And for those who wonder if the life of the advertising exec is the way it's portrayed in TV's retro chic Mad Men, the answer is: not quite.
But as an industry to work in: "It's never been better. The amount of creative opportunity! You can make films, television shows, create your own digital sites, create widgets and gadgets that they couldn't have conceived. Now is the most creative of all the ages, but perhaps the cocktail parties were more fun then".
You can hear more from Simon Francis in an interview on The Business, Radio Scotland, Sunday 13 December at 10am - also available on iPlayer and podcast.
Creative cuts in Leith
Coincidentally, I was looking at the advertising industry in Scotland this week, and it's not got its troubles to seek.
Much of it clustered in north Edinburgh, it has long operated in the shadow of London - which not only dominates the UK, but has a global role alongside New York.
Two sectors from which Scottish agencies have done well have been pulling back sharply on their spend.

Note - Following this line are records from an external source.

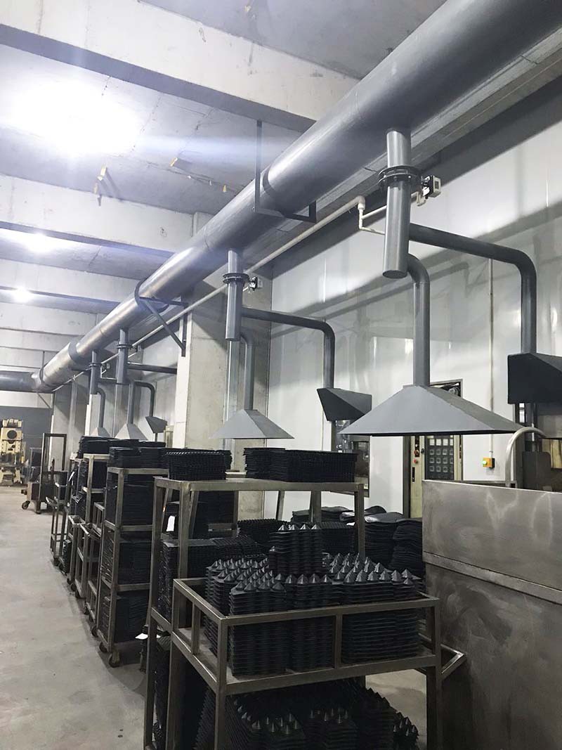 工作原理:廢氣凈化噴淋塔主要的運(yùn)作方式是廢氣由風(fēng)管引入凈化塔,經(jīng)過(guò)填料層,廢氣與氫氧化鈉吸收液進(jìn)行氣液兩相充分接觸吸收中和反應(yīng),廢氣經(jīng)過(guò)凈化后,再經(jīng)除霧板脫水除霧后由風(fēng)機(jī)排入大氣。吸收液在塔底經(jīng)水泵增壓后在塔頂噴淋而下,然后回流至塔底循環(huán)使用。凈化后的廢氣達(dá)到地方排放標(biāo)準(zhǔn)的排放要求,低于國(guó)家排放標(biāo)準(zhǔn)。
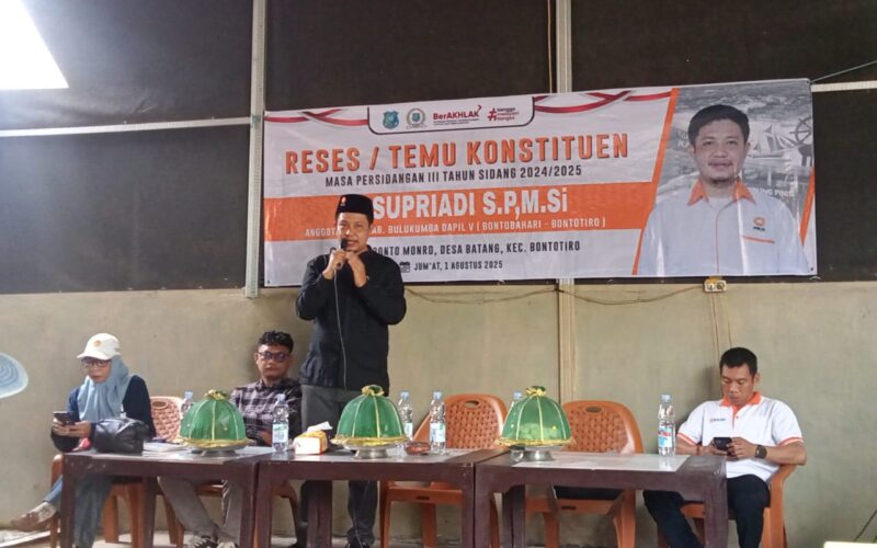 Bulukumba,Vokalpublika.com- Anggota DPRD Kabupaten Bulukumba, Dr. Supriadi, S.P., M.S.I., dari Fraksi Partai Keadilan Sejahtera (PKS), melaksanakan reses di daerah pemilihannya pada Jumat, 1 Agustus 2025. Kegiatan tersebut berlangsung di Desa Batang, Kecamatan Bontotiro dan dihadiri oleh Camat Bontotiro, perwakilan Bulog, BPP, Kepala Desa Batang, dan Babinsa.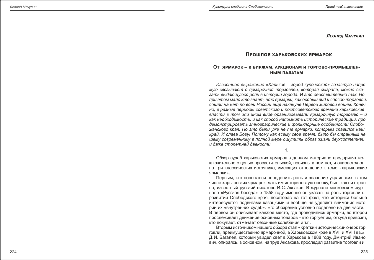 | Бібліографія: | Мачулін Л. І. Прошлое харьковских ярмарок. Праці пам'яткознавців: зб. наук. ст. Випуск II, Харків : Курсор, 2012. C. 225–236 , іл. |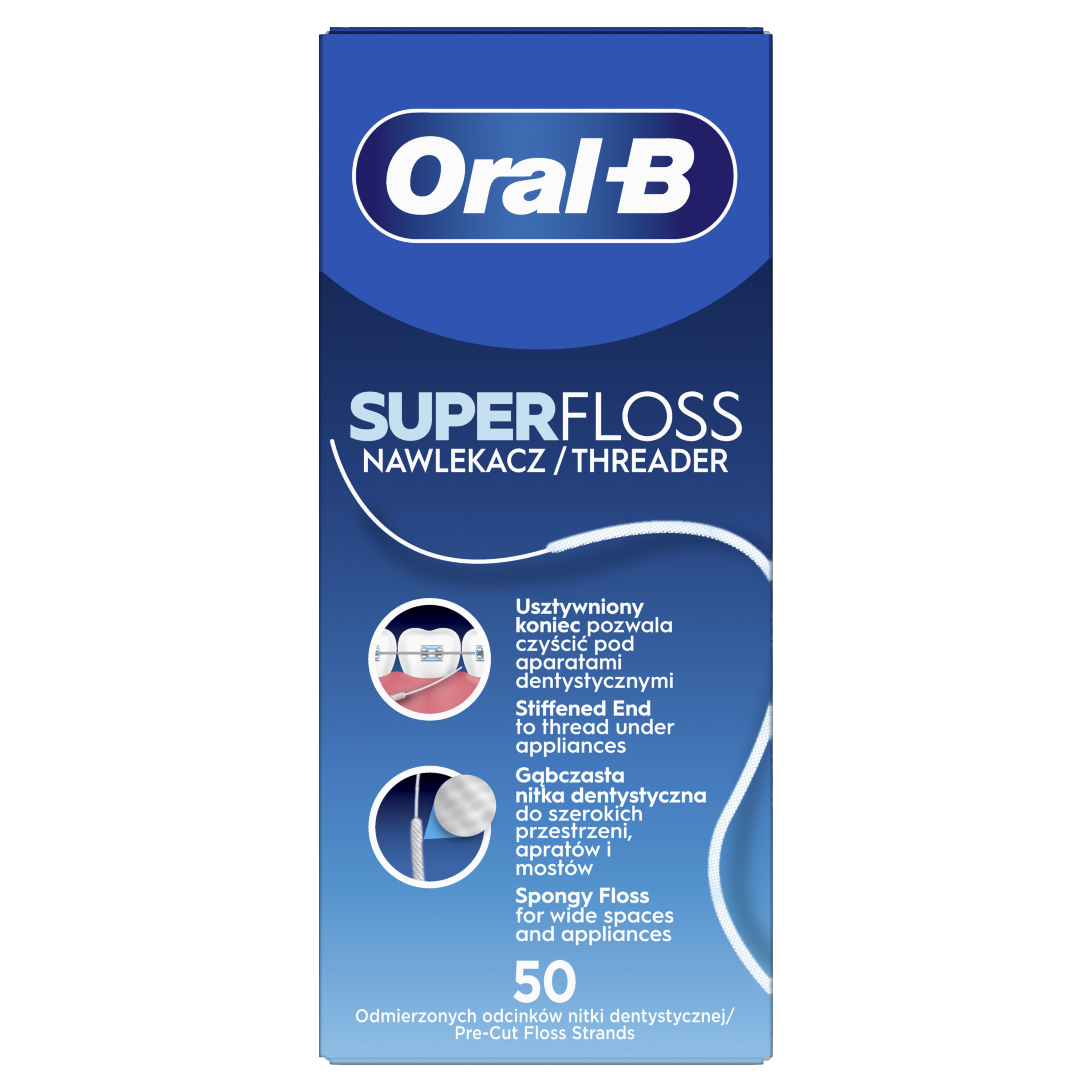 Oral-B Super Floss sobib ideaalselt ortodontiliste plaatide ja breketitele, sildade ja laiade hambavahede puhastamiseks. See koosneb kolmest ainulaadsest komponendist – kõva otsaga niidihoidja, käsnkiud ja tavaline niit – parima tulemuse saavutamiseks töötavad koos.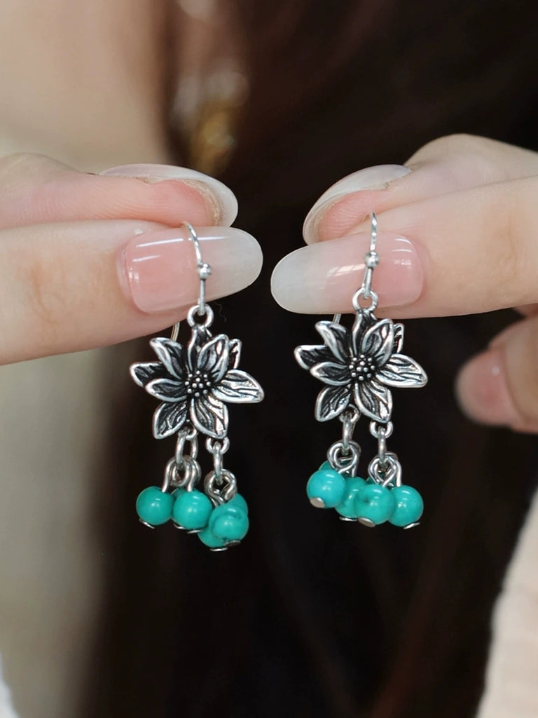 Brincos de borla com contas de turquesa e lótus de liga étnica feminina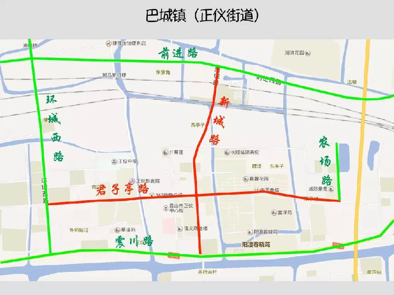 新城路(前进路—震川路)路段,君子亭路(环城西路-农场路)路段;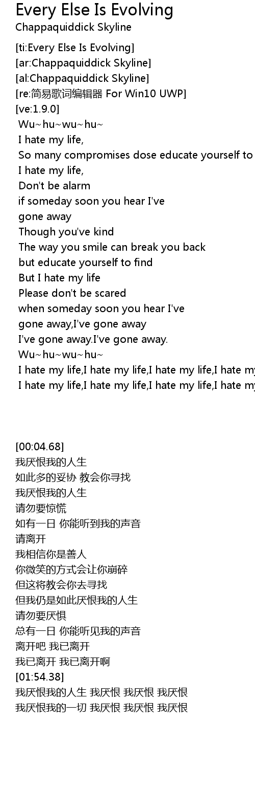 | [02:56.08] | I hate my life, I hate my life, I hate my life, I hate my life, |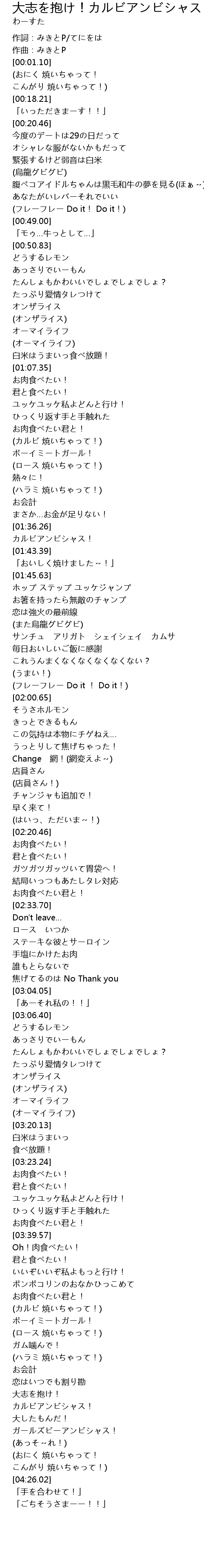 | [01:37.07] | カルビアンビシャス! |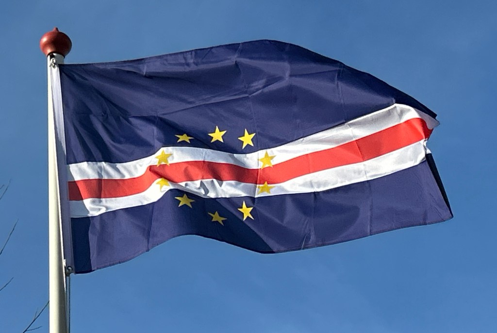 Vanaf de onafhankelijkheid in 1975 tot 1992 gebruikte Kaapverdië een vlag die sterk op die van Guinee-Bissau leek. De enige verschillen zaten ‘m in de krans van maïsstengels rond de zwarte ster aan de broekzijde en een gestileerde mossel in het midden van de stengels en de langere lengte van de Guinee-Bissause vlag.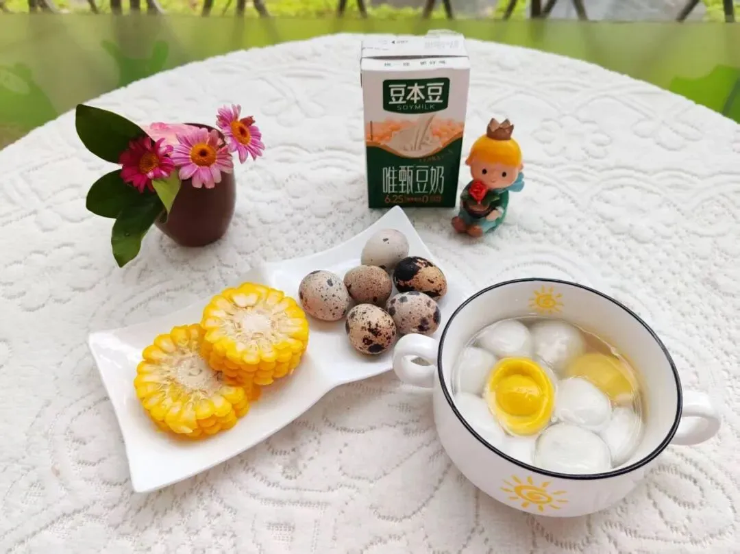 玉米棒 鹌鹑蛋 黑芝麻汤圆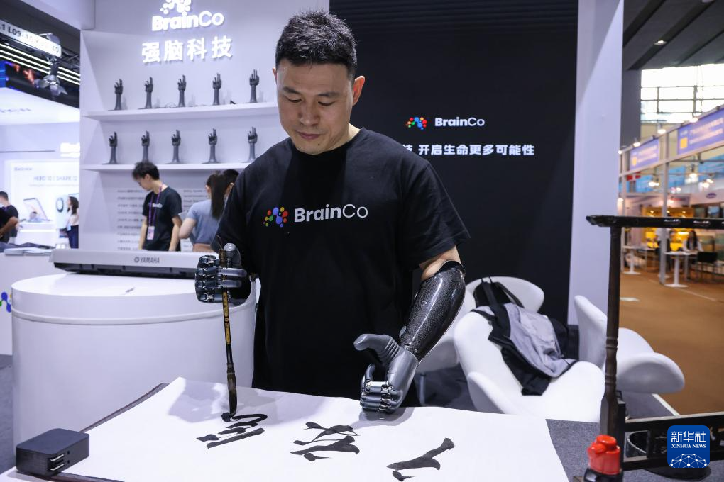 強腦科技員工倪敏成在第135屆廣交會上展示智能仿生手(2024年4月15日攝)。失去雙前肢的倪敏成佩戴智能仿生手后,生活能夠自理,還能寫書法。新華社記者 劉大偉 攝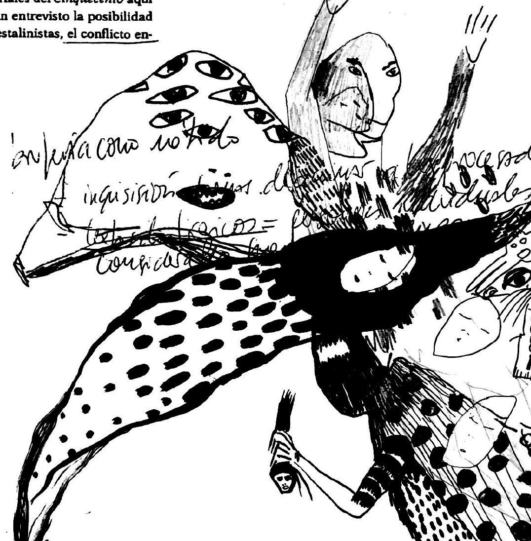 imprimo el texto lo pego en mi pared y le bailo, lo embrujo, le practico el animismo que ginzburg me dijo sin decir y yo mal leí por mala lectora. bailamos toda la noche y sobrevuelo sus letras todas. dibujo brujas, criaturas y ejércitos de almas. emergen fuegos que calientan y reactivan.

Predictably, the departure of Halifax Bank of Scotland's headquarters operation has taken a big client out of Scotland. Royal Bank of Scotland is hardly well placed to fill that gap.
Agencies have also won a lot of work from the public sector, but that is now being sharply reduced.
Finance Secretary John Swinney's draft budget has a 54% cut in the strategic communications budget, much of which is advertising spend on public service messages - encouraging you, for instance, to switch off the lights, use your car less, and to stop binge drinking.
That's a cut from £10.8m to £5m. And that's just the Scottish government. The other parts of the public sector, across quangos, are less obvious in their advertising spend, but there's a lot of it going on, from marketing Scottish tourism to fish, meat, water and Business Gateway.
And with the state of the public finances, that £5.8m cut is expected to be only a small part of the story.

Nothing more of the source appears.